Entries taken from a collection
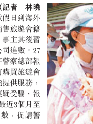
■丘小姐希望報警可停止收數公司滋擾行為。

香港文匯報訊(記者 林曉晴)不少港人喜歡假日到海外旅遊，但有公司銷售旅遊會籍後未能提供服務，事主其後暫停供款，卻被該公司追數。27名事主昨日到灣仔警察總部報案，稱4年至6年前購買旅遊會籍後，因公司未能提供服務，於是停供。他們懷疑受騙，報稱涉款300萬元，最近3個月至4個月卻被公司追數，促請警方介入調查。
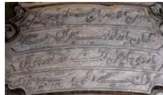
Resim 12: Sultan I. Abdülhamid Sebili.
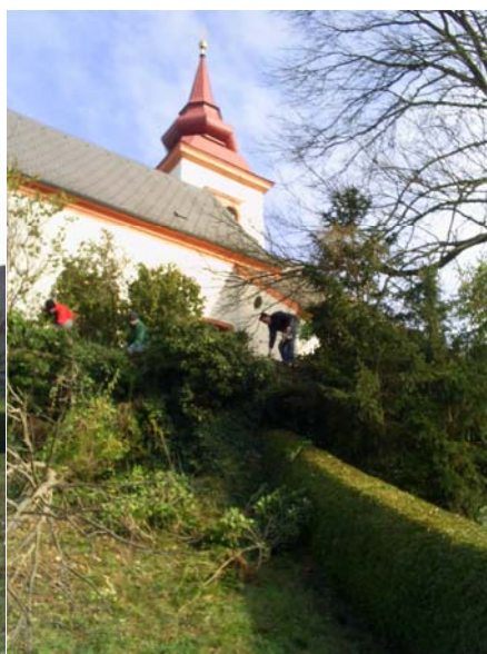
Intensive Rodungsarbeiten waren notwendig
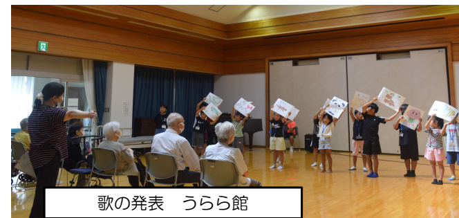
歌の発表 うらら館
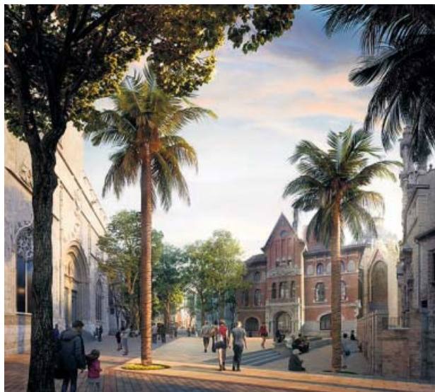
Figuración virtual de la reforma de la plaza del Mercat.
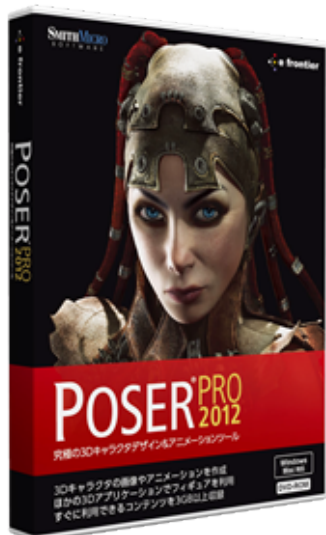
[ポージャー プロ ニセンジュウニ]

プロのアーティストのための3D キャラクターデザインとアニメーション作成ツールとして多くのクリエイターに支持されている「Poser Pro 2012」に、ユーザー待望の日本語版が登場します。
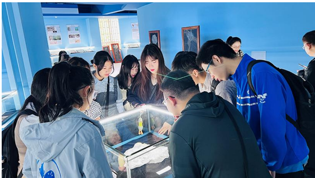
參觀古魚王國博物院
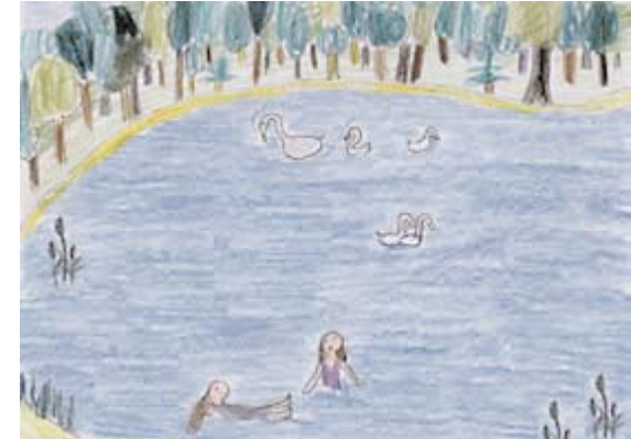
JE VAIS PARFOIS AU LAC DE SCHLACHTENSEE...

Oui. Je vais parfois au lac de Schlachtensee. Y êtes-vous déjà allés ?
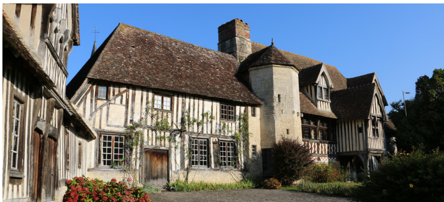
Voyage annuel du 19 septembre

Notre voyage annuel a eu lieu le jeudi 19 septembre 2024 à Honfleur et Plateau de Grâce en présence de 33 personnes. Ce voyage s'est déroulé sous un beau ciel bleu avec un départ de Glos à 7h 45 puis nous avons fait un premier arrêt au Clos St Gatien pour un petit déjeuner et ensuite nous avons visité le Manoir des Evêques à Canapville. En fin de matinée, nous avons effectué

Assignment – Scan each line above for the string "septembre". Give the tally and nothing else.

Task answer – 2